In 2008, openssl (ssh uses this) on debian-based systems had a terrible issue introduced. Within a few days of uncovering the problem, the impacted systems had patches available. So, even the best made software can have security issues. I believe the cause was traced to someone optimizing code who wasn't part of the code openssl development team. UNIX, BSD and RPM-based Linux distros were not impacted. Those teams had not altered the code. No malice involved, just someone meaning well, but understanding all the subtleties of the code. http://lists.debian.org/debian-secur.../msg00152.html

[foxy123]

Thanks a lot for the response. My mother has a external ip but need to connect to the external network through PPTP VPN (it is how it is set up by her ISP). So basically she needs VPN to get to the external ip.

I have helped her set up a vpn connection in the NetworkManager so she can easily start the connection manually. The trouble is that she's got a trouble with getting in her account at the moment, the trouble I am trying to resolve without any noticeable progress so far. The only way for her to get to her account is to do Ctrl+Alt+F1, log in in the console, stop GDM and start X with startx. That's why I need the connection being established on boot so I could ssh into her laptop. I have set up the manual connection as per the link I posted in the first post but I do not know how to to start it on boot.

[foxy123]

I wonder if I put

Code:

pon myvpn nodetach

in the rc.local will it work and will it cause any problem?

[TheFu]

I don't know. I've never heard of any ISP requiring the use of a VPN for connections. That is completely new to me.

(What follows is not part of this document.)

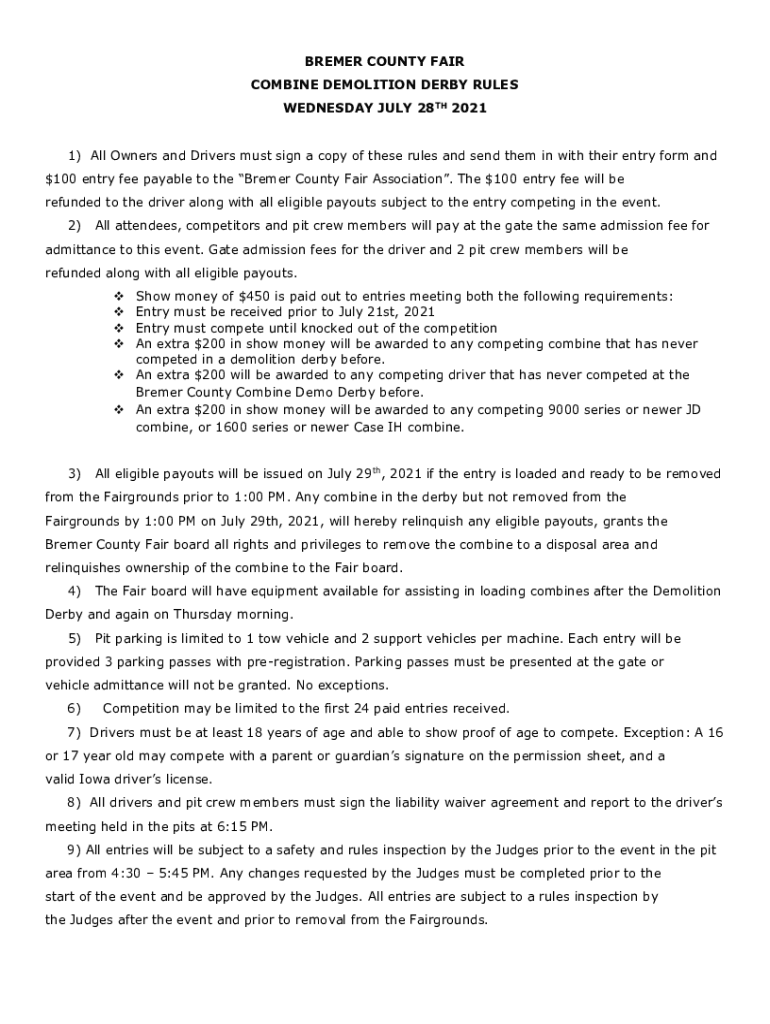 BREMEN COUNTY FAIR COMBINE DEMOLITION DERBY RULES WEDNESDAY, JULY 28TH 2021 1) All Owners and Drivers must sign a copy of these rules and send them in with their entry form and $100 entry fee payable

That code makes lots of assumptions that doesn't usually work in scripts.
* Never trust the PATH
* Never assume a CWD
* Always know which userid it runs under.

pon is their proprietary VPN app? Specify it with a full path, not just hoping it is found in the $PATH somewhere

"myvpn" is probably the VPN configuration, correct? That is probably stored somewhere in a file. You can't assume the file with the settings will be located automatically. You need to fully specify the path to it.

If any environment variables are required to be set before the VPN can work, then you need to set them. rc.local doesn't really have much environment at all. That is for safety. It does run things as root, after all.

"nodetach" might be the VPN endpoint from the ISP? Is a FQDN possible?

Finally, when you run anything from rc.local, it runs as "root", not whatever the normal userid is. That might work and be fine, but if it isn't you'll need to prepend an su - {userid} -c in front to switch to the desired userid.

Besides that, I think it should work just find.